**Exercise directions**
Retype each line of the material below word for word; pictures stay out.

**Provided data**
<<<<
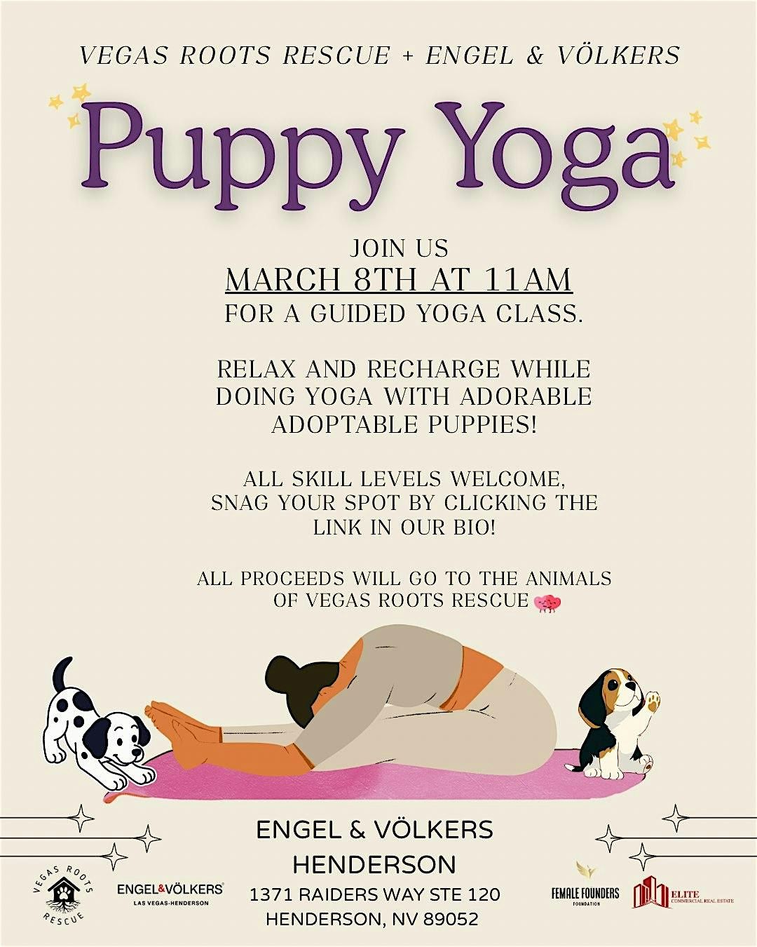 Looking for a fun way to relax and get your daily stretch? Come to our Puppy Yoga session! Enjoy gentle yoga moves while adorable puppies roam around and play with you. It's the perfect combo of calm and cuteness that'll brighten your day. Don’t miss out on this fun class that supports our mission.
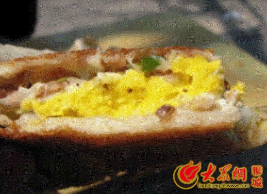 大眾網聊城5月5日訊 在聊城,很多人的一天是從吃一口呱嗒開始的。來到早餐攤邊,買一個熱騰騰的呱嗒,用油紙包了,攔腰切開,露出雪白的蛋清、金燦燦的蛋黃,夾雜著香飄四溢的肉粒,深吸一口氣,聞聞從指縫間飄散出來的蔥花香,整個人瞬間精神“倍兒爽”。
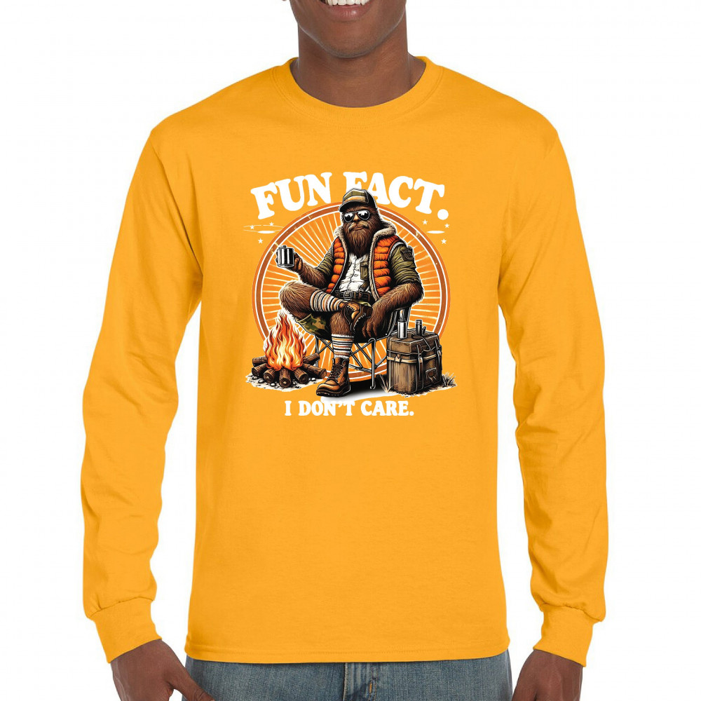 Funny Bigfoot Fun Fact design with cryptid humor, sarcastic outdoors shirt vibe, retro Sasquatch saying, USA pride, and camping adventure style.
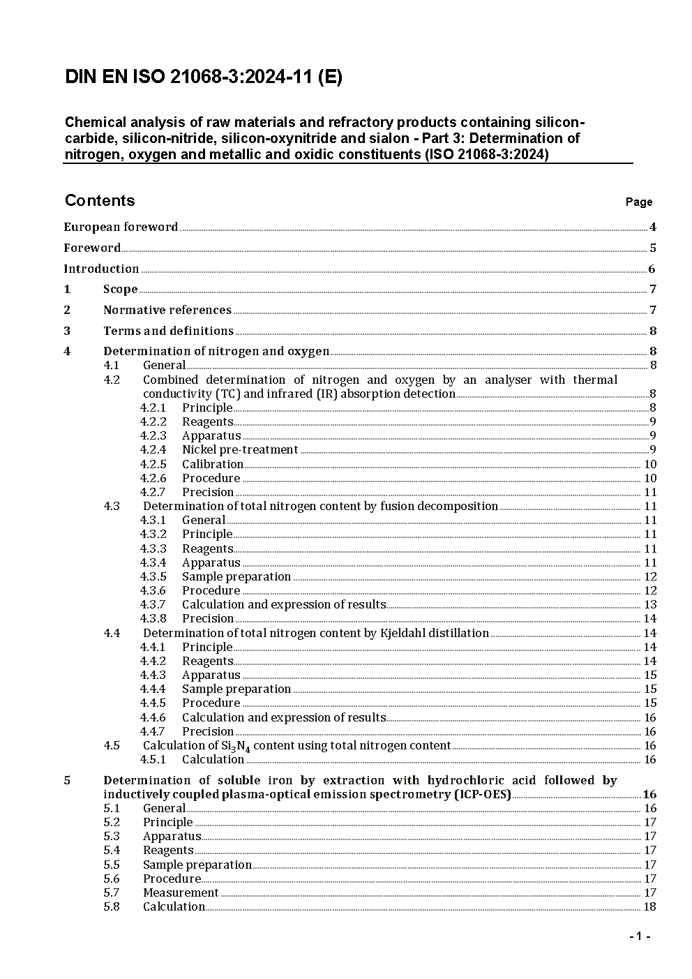 Chemical analysis of raw materials and refractory products containing silicon-carbide, silicon-nitride, silicon-oxynitride and sialon - Part 3: Determination of nitrogen, oxygen and metallic and oxidic constituents (ISO 21068-3:2024); German version EN ISO 21068-3:2024
>>>>
**Written answer**
 Looking for a fun way to relax and get your daily stretch? Come to our Puppy Yoga session! Enjoy gentle yoga moves while adorable puppies roam around and play with you. It's the perfect combo of calm and cuteness that'll brighten your day. Don’t miss out on this fun class that supports our mission.
 大眾網聊城5月5日訊 在聊城,很多人的一天是從吃一口呱嗒開始的。來到早餐攤邊,買一個熱騰騰的呱嗒,用油紙包了,攔腰切開,露出雪白的蛋清、金燦燦的蛋黃,夾雜著香飄四溢的肉粒,深吸一口氣,聞聞從指縫間飄散出來的蔥花香,整個人瞬間精神“倍兒爽”。
 Funny Bigfoot Fun Fact design with cryptid humor, sarcastic outdoors shirt vibe, retro Sasquatch saying, USA pride, and camping adventure style.
 Chemical analysis of raw materials and refractory products containing silicon-carbide, silicon-nitride, silicon-oxynitride and sialon - Part 3: Determination of nitrogen, oxygen and metallic and oxidic constituents (ISO 21068-3:2024); German version EN ISO 21068-3:2024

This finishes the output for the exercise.